Ahmadinejad: Nós não queremos nos vingar. Só queremos que os americanos corrijam seu curso. Você vê de fato algum sinal de que isso esteja acontecendo?

Spiegel: Sim, vemos. George W. Bush declarou que o Irã era um integrante do Eixo do Mal e ameaçou Teerã, pelo menos indiretamente, com uma mudança de regime. Não há mais nenhuma menção a isso no governo Obama.

Ahmadinejad: Há mudanças na escolha da linguagem. Mas não é suficiente. Durante os últimos 30 anos, a Alemanha e outros países europeus estiveram sob pressão dos americanos para não melhorarem suas relações com Teerã. É o que todos os estadistas europeus nos dizem.

Spiegel: Foi isso o que o ex-chanceler alemão Gerhard Schröder disse quando o senhor se encontrou com ele em Teerã em fevereiro?
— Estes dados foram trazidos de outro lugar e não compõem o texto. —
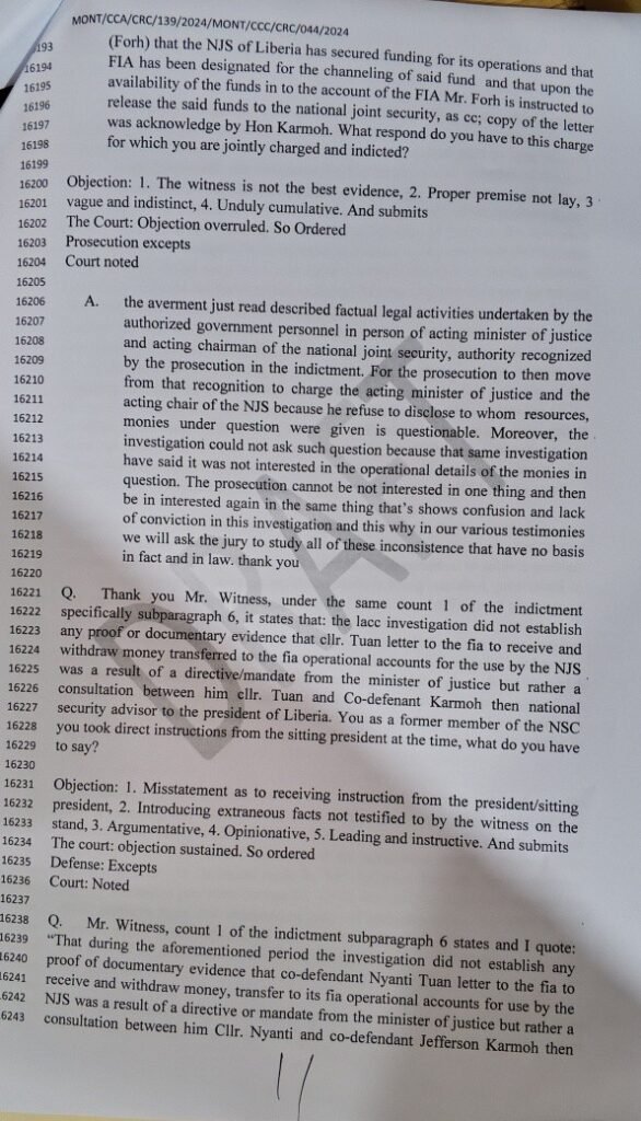 The Liberia Anti-Corruption Commission (LACC) lead Investigator Baba Mohammed Boika while testifying as prosecution prime witness told the court that the funds were not properly authorized and cannot be fully accounted for.

Ahmadinejad: Sim, ele disse isso, entre outras coisas. Agora esperamos ver ações concretas. Isso é bom para todos, mas é especialmente benéfico para os Estados Unidos, porque a posição americana no mundo não é exatamente boa. Ninguém confia nas palavras dos americanos.


Spiegel: É verdade que a reputação dos EUA no mundo sofreu com o presidente George W. Bush. Mas com todo o respeito, presidente, a reputação do Irã também sofreu tremendamente durante seu tempo de governo.
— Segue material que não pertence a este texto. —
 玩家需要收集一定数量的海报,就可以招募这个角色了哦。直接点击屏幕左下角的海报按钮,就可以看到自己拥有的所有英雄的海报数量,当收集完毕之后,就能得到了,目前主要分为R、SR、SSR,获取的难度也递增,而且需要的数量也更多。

Ahmadinejad: Onde? Com quem? Com os que estão no poder ou com o povo? Com que povo e com que governos? Durante os mais de três anos que estou no governo, visitei mais de 60 países, onde fui recebido com grande afeição tanto pelo povo nas ruas quanto pelos que estão no governo. Temos o apoio de 118 países do Movimento Não-Alinhado. Concordo que nossa reputação junto ao governo americano e a alguns governos europeus não é positiva. Mas isso é problema deles. Todos os povos estão fartos do governo americano.

Spiegel: Mas o senhor não está nem mesmo dando uma chance ao novo governo. Sua atitude é caracterizada pela falta de confiança.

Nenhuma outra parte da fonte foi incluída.